So I brought HTML::TreeBuilder to bear on the task. It wasn't quite as easy. It was no simple matter to find a reliable part in the tree from whence to direct my search. The HTML contains deeply nested tables, with a high degree of repetition for each kit and cartridge. The various pieces of information in scattered in different elements and collecting and collating it made for some pretty ugly code.

After I'd managed to wrestle the data I wanted out of the web page, I set about stepping through the code in the debugger, to better understand the data structures and see what shortcuts I could by way of method chaining and array slicing in an attempt to tidy up the code. To my suprise, I saw that just building the H::TB object (by calling the parse() with the HTML in a scalar) required about a second to execute, and this, on some fairly recent high-end hardware.

Until then I wasn't really concerned about performance, because I figured the parse time would be dwarfed by the time it took to get the request's results back from the network. In the master plan, however, I intend to use LWP::ParallelAgent to probe all of the printers in parallel, rather than looping though them one at a time, and factor out much of the waiting. In a perfect world it would be as fast as the single slowest printer.

Given the less than stellar performance of the code at this point, however, it was clear that the cost of parsing the HTML would consume the bulk of the overall run-time. Maybe I might be able to traverse a partially-fetched page, but at this point the architecture would start to become unwieldy.
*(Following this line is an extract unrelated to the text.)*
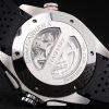 Back: Stainless steel push in back with transparent mechanics revealing centre and Tag Heuer Replica engravings Gender: UominiMovement: Cinetico (Automatico) Quality: Svizzera ETA Color: Bianco Case: Polished stainless steel case Bracelet: Perforated black rubber strap with brushed stainless steel push-button release fold in clasp with Tag Heuer Replica engraving Bracelet Length: 204 x 22 mm Bezel: Brushed stainless steel bezel with black engraved tachymeter Band Type: Gomma Diameter: 50 x 44 mm Watch Clasp: Flip Clasp Glass: Sapphire Crystal Crown: Polished stainless steel cutwork crown with black enamel Tag Heuer Replica logo plus two rectangular push-button crowns on either side and one large crown on the opposite top corner with logo Case Thickness: 17 mm

Madness.

So, after having tried the orthodox approach, I started again and broke the rule about parsing HTML with regexps and wrote the following:

my (@s) = m{ > # close of previous tag ([^<]+) # text (name of part, e.g. q/BLACK CARTRIDGE/) <br> ([^<]+) # part number (e.g. q/HP Part Number: HP C9724A/ +) (?:<[^>]+>\s*){4} # separated by 4 tags (\d+) # percent remaining | # --or-- (?: # different text values (?: Pages\sRemaining | Low\sReached | Serial\sNumber | Pages\sprinted\swith\sthis\ssupply ) : (?:\s*<[^>]+>){6}\s* # colon, separated by 6 tags # or just this, within the current element | Based\son\shistorical\s\S+\spage\scoverage\sof\s ) (\w+) # and the value we want }gx;

A single regexp (albeit with a /g modifier) pulls out all I want. Actually it's not quite perfect, since it the resulting array also fills up with a pile of undefs, the unfilled parens on the opposite side of the | alternation to the match. But even so there's a pattern to the offsets into the array where the defined values are found, so a few magic numbers wrapped up as constants tidy that up.
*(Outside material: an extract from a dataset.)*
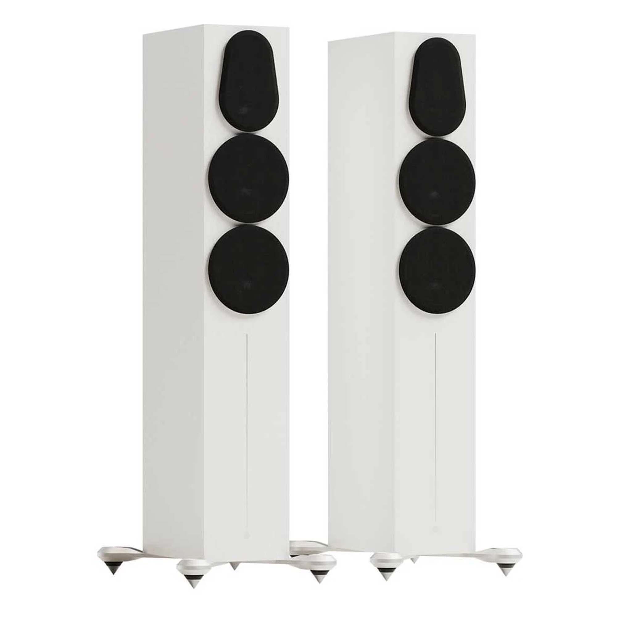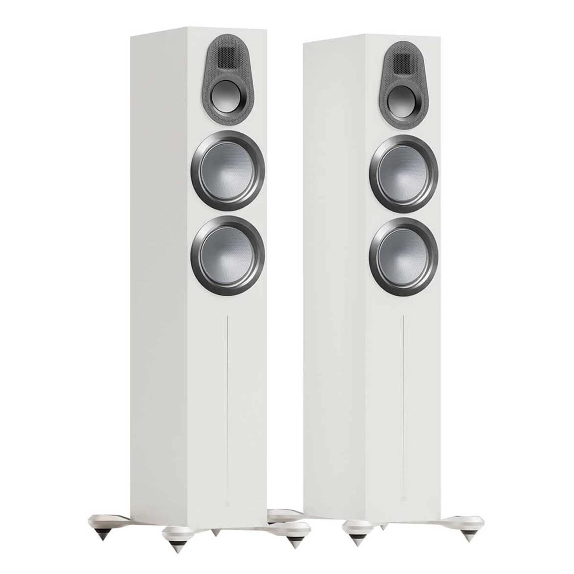The luxurious, soft-touch finish of the Monitor Audio Gold 300 cabinets exudes a premium-class look and feel. The one-bolt-through design technology enhances the mounting strength, rigidity, and driver/baffle disconnection. Custom-made magnetic grilles offer a clean visual style that is practically acoustically transparent. High-quality gold-plated bi-wire terminals are custom-made. Durable cast metal outrigger feet with spikes or rubber feet for carpet or hard floor surfaces provide a more attractive appearance and take up less floor space.

Is the code fragile? Not really. For a start, the HTML has errors in it, such as <td valign= op"> (although H::TB coped just fine with this too).

The generated HTML is stored in the printer's onboard firmware, so unless I upgrade the BIOS, the HTML isn't going to change; it's written in stone, bugs and all. Here's the main point: when the HP 4650 or 4700 model is released, it will probably have completely different HTML anyway, perhaps with style sheets instead of tables. Either way, the HTML will have to be inspected anew, in order to tweak the regexp, or to pull something else out of TreeBuilder's parse tree.

Thus neither approach is maintenance free. But the regexp far less code, and 17 times faster. Now the extraction cost is negligeable compared to the page fetch, as it should be. And as a final bonus the regexp approach requires no non-core modules. Case closed.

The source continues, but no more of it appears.